Bilim ve edebiyat, alanı toplum olan iki yakın uğraştır. Epidemiyolojik araştırmalarda, mekan, zaman ve kişilerin tanımlanması gerekli koşuldur, çok iyi resmedilmesi gerekir. Toplumsal bir gerçekliği sunan her türlü anlatım için de aynı özellikler geçerlidir. En azından iyi romanların bir bölümünde mekan, zaman ve kişilerin anlatım derinliği o eserin değerini belirler.Epidemiyoloji başta olmak üzere diğer bilim dallarının edebiyatla akrabalığı buradan başlar ve devam eder. Bir bilim insanı, büyük edebiyatçıların eserlerinden beslenerek büyür.

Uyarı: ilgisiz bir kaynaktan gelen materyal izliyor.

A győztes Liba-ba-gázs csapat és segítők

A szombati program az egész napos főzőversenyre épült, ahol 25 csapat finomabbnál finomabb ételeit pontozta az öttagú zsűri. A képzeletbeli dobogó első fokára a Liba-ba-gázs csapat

Çoğumuz Yaşar Kemal ile çocuk yaşlarda tanıştık. Geçen hafta kaybettiğimiz büyük yazar Yaşar Kemal’in, Anadolu’nun binlerce yıllık tarihinde süzdüğüanlatımlarını yakın bulduk. Schiller’in 1795 yılında yaptığı saf (naif) veya duygusal (sentimantelisch) kategorisinde, Yaşar Kemal anlatımı, saf, doğaya yakın, olması gereken bir tarzı temsil ediyordu. Sanki anlatılanları bizler de zaten biliyorduk ama Yaşar Kemal bunları söylediğinde daha bir güven duyuyor, iyi hissediyor, anlatılanı bizim hikayemiz olarak kabul ediyorduk.

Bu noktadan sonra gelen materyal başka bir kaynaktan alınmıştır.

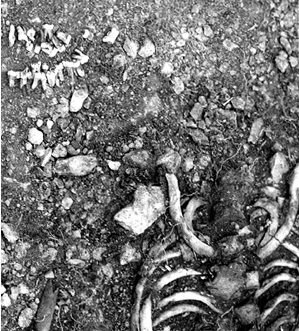
Figur 3. Grav nr 6. Skallen har grävts upp efter att all mjukvävnad förmultnat varpå tänderna 'återbegravts' i anatomisk ordning med undantag av ett par som ersatts med djurtänder.

gravarna'. Inga av de öst-västligt orienterade gravarna är kenotafer. Vi finner även en skillnad mellan norr till söder där de öst-västliga gravarna gradvis ökar i omfattning för att i södra delen övervägande vara anlagda i den riktningen. Vi kan även notera att riktningen på gravarna i mellandelen verkar mindre betydelsefull. Gravarna 28, 36, 29, 23, 35 är exempelvis snarare runda än ovala vilket annars mest förekommer i barngravarna. Även här kan vi se hur praktiker från det nordliga klustret tunnas ur på mellandelen för att sedan bli diffus och mångtydig bland de sydliga gravarna.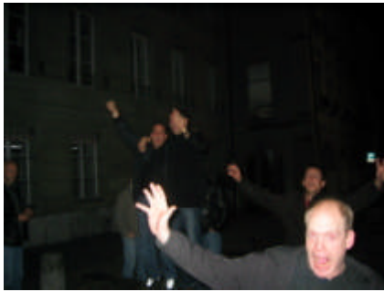
Impressione vom Abe

Irgend einisch i de früeche Morgestunde bi ni du, nid ganz ohni Stouz, heitorklet (ehrlech, ig bi gloffe!!!) u ha dr ganz Sunntig mit mim Hustier, amene Riesekater, (weiss geng no nid wie dä gheisse het u gseh hane sit denn o nüm) verbracht.

“Yalanın gücü doğrunun güçsüzlüğünden değildir. Yalan teşkilat kurmuş, doğru yalnızdır. Yalanın geleneği var, senin doğrunun her gün yeniden yaratılması gerek. Her gün bir şafak çiçeği gibi yeniden açması gerek.”

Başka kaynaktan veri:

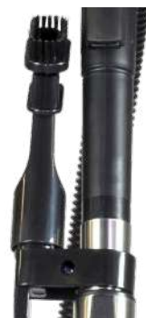
Удобное хранение аксессуаров.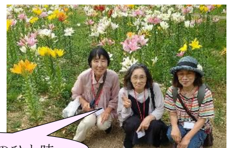
ゆり園散策のひと時

露してくだされ、その後食事となったのですが、今まで元気だった私に異変!! どうやら昼の焼肉の食べ過ぎか? 胃がもたれて目の前のご馳走に手を付けられずで部屋に戻り休むことになってしまいました。同室の方から胃薬をもらい翌朝には復活し朝風呂に入り気持ちよく朝食を美味しく頂く事が出来ました。帰りの道の駅での買い物や食事も楽しめました。全体を通して感じたことは、飯豊会の会長さんはじめ役員の皆さんが今日の日まで色々計画準備して下さったので沢山の楽しい思い出が出来た事に感謝しております。また、車中での飲み物が沢山配られた事にも驚きと、配ってくれた役員さんが元気で素敵でした。ありがとうございました。また、ふるさとにいる方の差し入れや車中で漬物を頂いたり、心が温まり優しさが伝わって来る楽しい旅行でした。飯豊の方達の人柄が最高です。心より感謝申し上げます。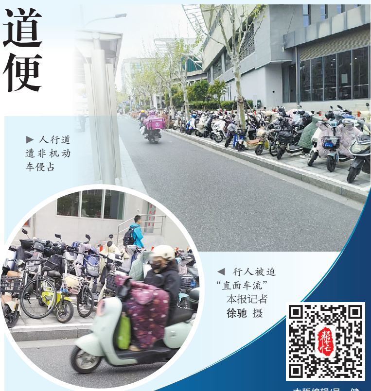
人行道遭非机动车侵占

Bu sözler kimi zaman bizim için teselli oldu. Zor zamanlarımızda bilime sığındık, bilime tutunduk, Galilei’i, Kopernik’i hatırladık ve bir de Yaşar Kemal’in sözleri bize iyi geldi, hah işte evet bu dedik. Özellikle zayıf ve yorgun düştüğümüzde, tıpkı bir aile büyüğünün teselli edici sözleri gibi. Fişek gibi koşan delikanlıları kesmezdi belki bu sözler ama yorulmuş, vurulmuş, umutsuzluğa yaklaşmış, bir soluk almak ihtiyacında olanlara iyi geldi.
“İnsanoğlu umutsuzluktan umut yaratandır…” demişti.
Gelecek için umut doluyuz, çünkü bilimin ve sanatın kalıcılığından kuşku duymuyoruz.